Tahapan analisis meliputi import data, preprocessing, eksplorasi data, pembagian data training dan testing, pembentukan variabel lag, pelatihan model neural network, evaluasi model, serta visualisasi hasil prediksi.
library(readxl)
library(dplyr)
library(ggplot2)
library(lubridate)
library(neuralnet)
library(forecast)
seed_nrp <- 001
set.seed(seed_nrp)
data <- read_excel("C:/Users/LENOVO/Downloads/BBNI.xlsx")

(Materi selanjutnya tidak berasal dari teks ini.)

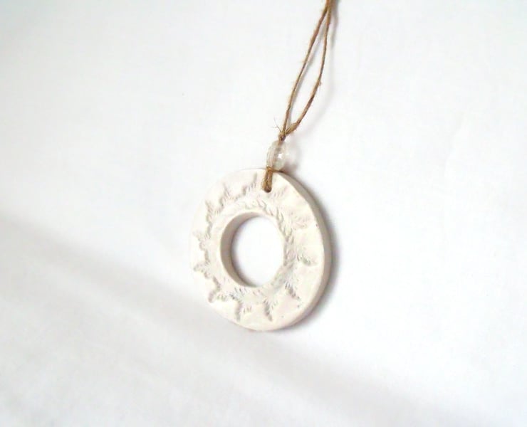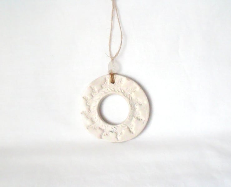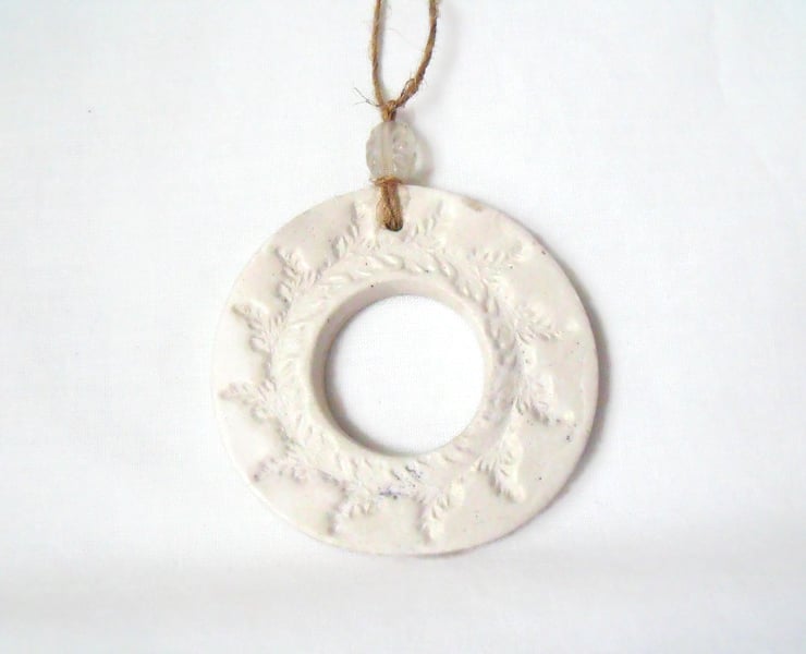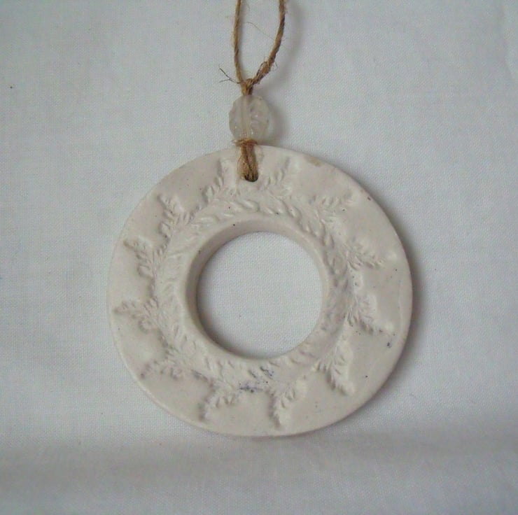 Here I've made a ceramic wreath hanging decoration.

names(data) <- trimws(names(data))
if (!("Date" %in% names(data))) names(data)[1] <- "Date"
if (!("Close" %in% names(data))) names(data)[2] <- "Close"
if (inherits(data$Date, "Date")) {
data$Date <- data$Date
} else if (inherits(data$Date, "POSIXct") | inherits(data$Date, "POSIXt")) {
data$Date <- as.Date(data$Date)
} else if (is.numeric(data$Date)) {
data$Date <- as.Date(data$Date, origin = "1899-12-30")
} else {
data$Date <- as.Date(data$Date, tryFormats = c(
"%Y-%m-%d",
"%d/%m/%Y",
"%m/%d/%Y",
"%d-%m-%Y",
"%Y/%m/%d"
))
}
data$Close <- as.numeric(gsub(",", "", as.character(data$Close)))
data <- data %>%
select(Date, Close) %>%
arrange(Date) %>%
distinct(Date, .keep_all = TRUE) %>%
na.omit()
cat("Jumlah data setelah preprocessing:", nrow(data), "\n")

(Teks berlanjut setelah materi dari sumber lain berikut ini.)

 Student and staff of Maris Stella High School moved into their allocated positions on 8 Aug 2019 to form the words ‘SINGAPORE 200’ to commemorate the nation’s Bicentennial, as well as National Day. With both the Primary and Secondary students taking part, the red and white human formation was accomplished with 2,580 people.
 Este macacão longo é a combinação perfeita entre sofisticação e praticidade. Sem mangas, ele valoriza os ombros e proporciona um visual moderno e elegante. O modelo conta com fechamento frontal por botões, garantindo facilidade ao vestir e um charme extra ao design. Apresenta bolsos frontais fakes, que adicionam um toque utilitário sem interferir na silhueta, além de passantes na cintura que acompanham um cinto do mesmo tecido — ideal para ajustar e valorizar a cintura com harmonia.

## Jumlah data setelah preprocessing: 712
stat_deskriptif <- data %>%
summarise(
Jumlah_Data = n(),
Mean = mean(Close),
Median = median(Close),
Minimum = min(Close),
Maksimum = max(Close),
Standar_Deviasi = sd(Close)
)
print(stat_deskriptif)
## # A tibble: 1 × 6
## Jumlah_Data Mean Median Minimum Maksimum Standar_Deviasi
## <int> <dbl> <dbl> <dbl> <dbl> <dbl>
## 1 712 4747. 4590 3720 6225 512.
ggplot(data, aes(x = Date, y = Close)) +
geom_line() +
labs(
title = "Plot Time Series Harga Penutupan BBNI",
x = "Tanggal",
y = "Close"
) +
theme_minimal()
n <- nrow(data)
n_train <- floor(0.8 * n)
train_data <- data[1:n_train, ]
test_data <- data[(n_train + 1):n, ]
cat("Jumlah data training:", nrow(train_data), "\n")
## Jumlah data training: 569
cat("Jumlah data testing :", nrow(test_data), "\n")

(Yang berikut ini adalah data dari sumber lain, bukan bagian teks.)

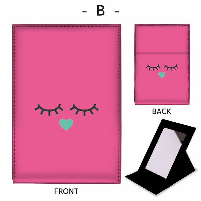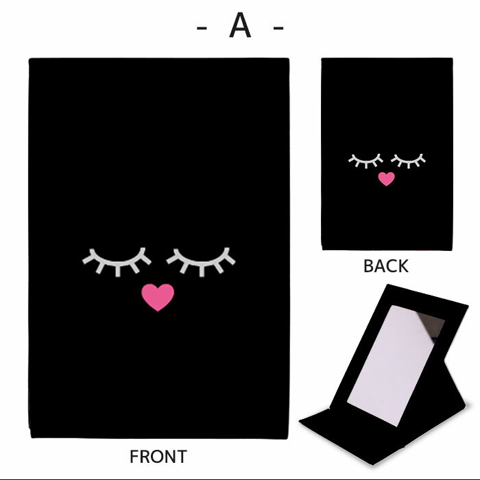 折りたたみ ミラー 卓上ミラー 鏡 メイク直し 手鏡 コンパクトミラー オリジナルデザイン 化粧鏡 お洒落 スタンドミラー 置き鏡 レザー ワンポイント おんなのこ イラスト 女子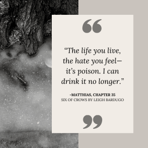 Matthias was a character who grew on me while reading Six of Crows, and the reason I grew to like him is based on his character growth. I related to him in the sense of being unaware in my youth about what others had told me to be the truth – and then discover later on to be more complex, layered, and not entirely accurate. This is one of my favorite quotes because it shows how Matthias has grown from his national/ religious views on hating Grisha. He calls hate a “poison” he can no longer drink because he understands the errors and wrongs his country has done to all Grisha. The quote resonates with hope for those wanting to grow, learn, and change than stay willfully ignorant and hateful to others.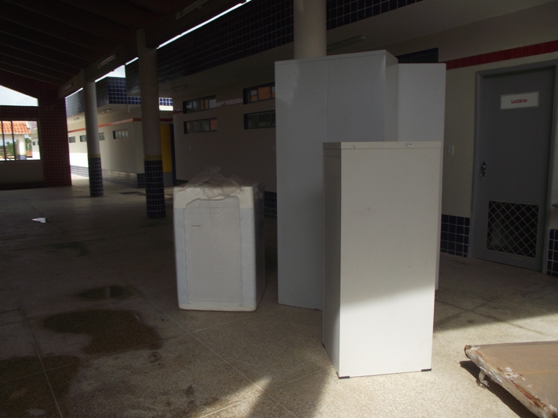 A segunda foi na Creche do Bairro Cibrazém que ainda está em construção. O secretário, que estava acompanhado de alguns amigos e assessores ficou estarrecido com o estado de abandono de alguns equipamentos. Geladeiras, freezers, fogões e colchões ainda lacrados foram jogados do lado de fora do prédio. Em outras salas um enorme quantidade de equipamentos que eram para estar servindo à criançada do município. O que mais impressionou Juan Torres foi encontrar a planta da obra da creche jogada no lixo e molhada pelas águas das chuvas.

## Jumlah data testing : 143
train_min <- min(train_data$Close)
train_max <- max(train_data$Close)
data$Close_norm <- (data$Close - train_min) / (train_max - train_min)
d_close <- diff(data$Close_norm)
train_diff <- d_close[1:(n_train - 1)]
acf(train_diff, main = "ACF Data Differencing - Training")
pacf(train_diff, main = "PACF Data Differencing - Training")
lag_max <- min(20, length(train_diff) - 1)
batas_sig <- 1.96 / sqrt(length(train_diff))
acf_obj <- acf(train_diff, lag.max = lag_max, plot = FALSE)
pacf_obj <- pacf(train_diff, lag.max = lag_max, plot = FALSE)
acf_values <- as.numeric(acf_obj$acf)[-1]
pacf_values <- as.numeric(pacf_obj$acf)
lag_acf <- 1:length(acf_values)
lag_pacf <- 1:length(pacf_values)
sig_acf <- lag_acf[abs(acf_values) > batas_sig]
sig_pacf <- lag_pacf[abs(pacf_values) > batas_sig]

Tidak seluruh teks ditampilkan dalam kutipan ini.